Fears about the economic impact of the coronavirus outbreak in China have boosted demand for fixed income in the past week. Peripheral government bonds, which often trade in line with other riskier assets, however, have outperformed even on days when stocks have sold off.
Commerzbank analysts say "flight-to-yield" is dominating over "flight-to-quality" - a phrase that describes the rush to top-rated, safe assets at times of uncertainty. With more than half of the eurozone government bond market in negative yield territory, selloffs or auctions tend to be viewed as an opportunity to buy bonds offering any yield.
Greece on Tuesday attracted record orders for a 15-year bond sale. France also received a strong demand for a 30-year bond sold via a syndicate of banks on Tuesday, with demand reaching 38 billion euros ($42.16 billion) for the 5 billion euro offer. French 30-year bond yields are at 0.69%
A ratings upgrade for Greece on Friday and the failure of Italy's right-wing League to win a key regional election at the weekend, bringing relief to an embattled government, have also boosted sentiment towards southern European bonds. "The negative yields backdrop and the view that this will stay for a while means the traditional investor base is having second thoughts about staying in the German bond market," said Rainer Guntermann, a rates strategist at Commerzbank.

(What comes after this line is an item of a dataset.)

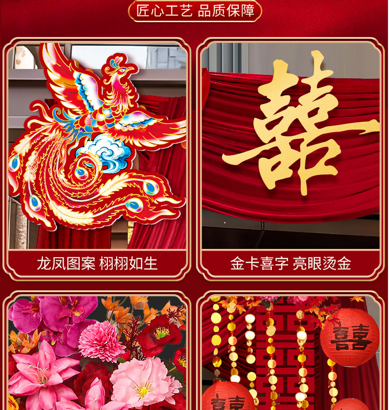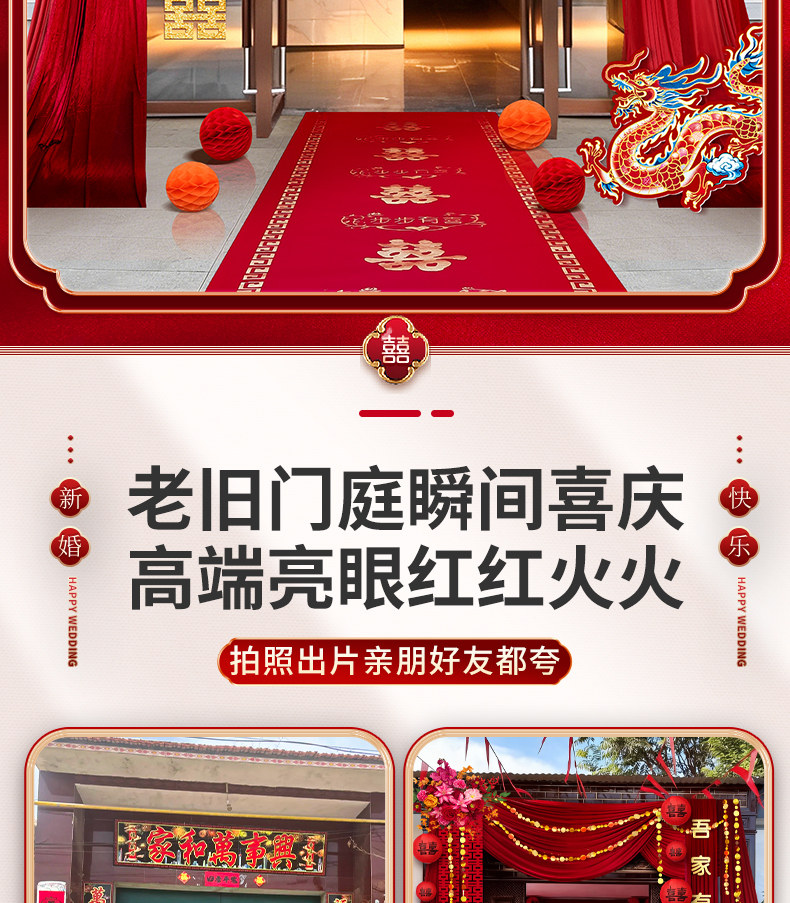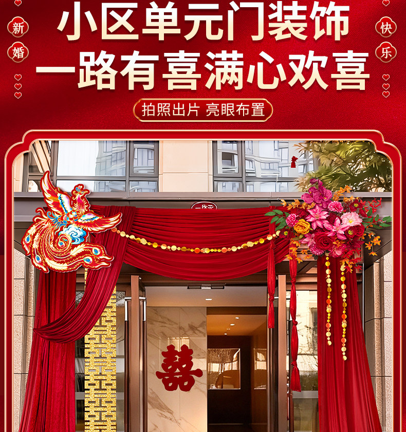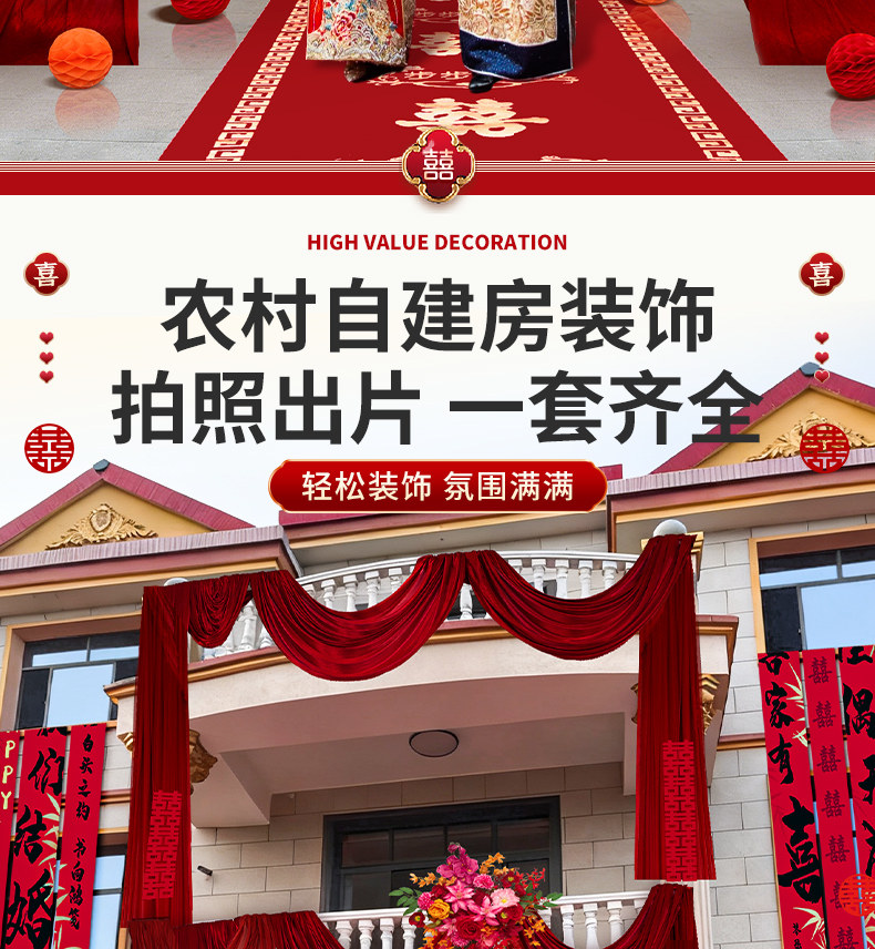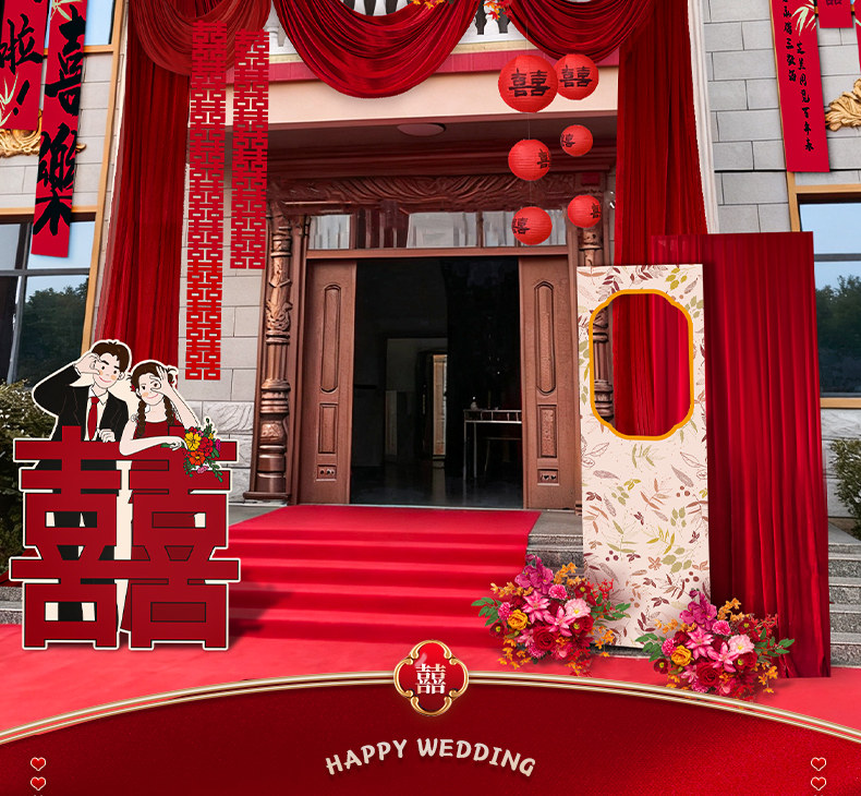 2026 New Style Rural Wedding Courtyard Decoration Wedding Self-Built House Entrance Wedding Room Curtain Arrangement Set

"In the periphery, there are some country-specific factors - the weekend election in Italy, the credit ratings upgrade in Greece." Italy's 10-year bond yield fell 3 basis points to 0.994%, its lowest level since mid-October. The closely-watched gap between Italian and German Bund yields narrowed to around 134 bps - its tightest since September.
Analysts at Mizuho said they believed the spread had room to tighten further, adding that 30-year Italian bond yields could fall to 1.5% from current levels around 2%. Trade across eurozone bond markets was expected to be generally subdued ahead of a U.S. Federal Reserve rate decision later in the day.
The Fed is widely expected to keep rates on hold but officials are likely to discuss possible changes to how they manage the U.S. central bank's key overnight borrowing rate. ($1 = 0.9014 euros)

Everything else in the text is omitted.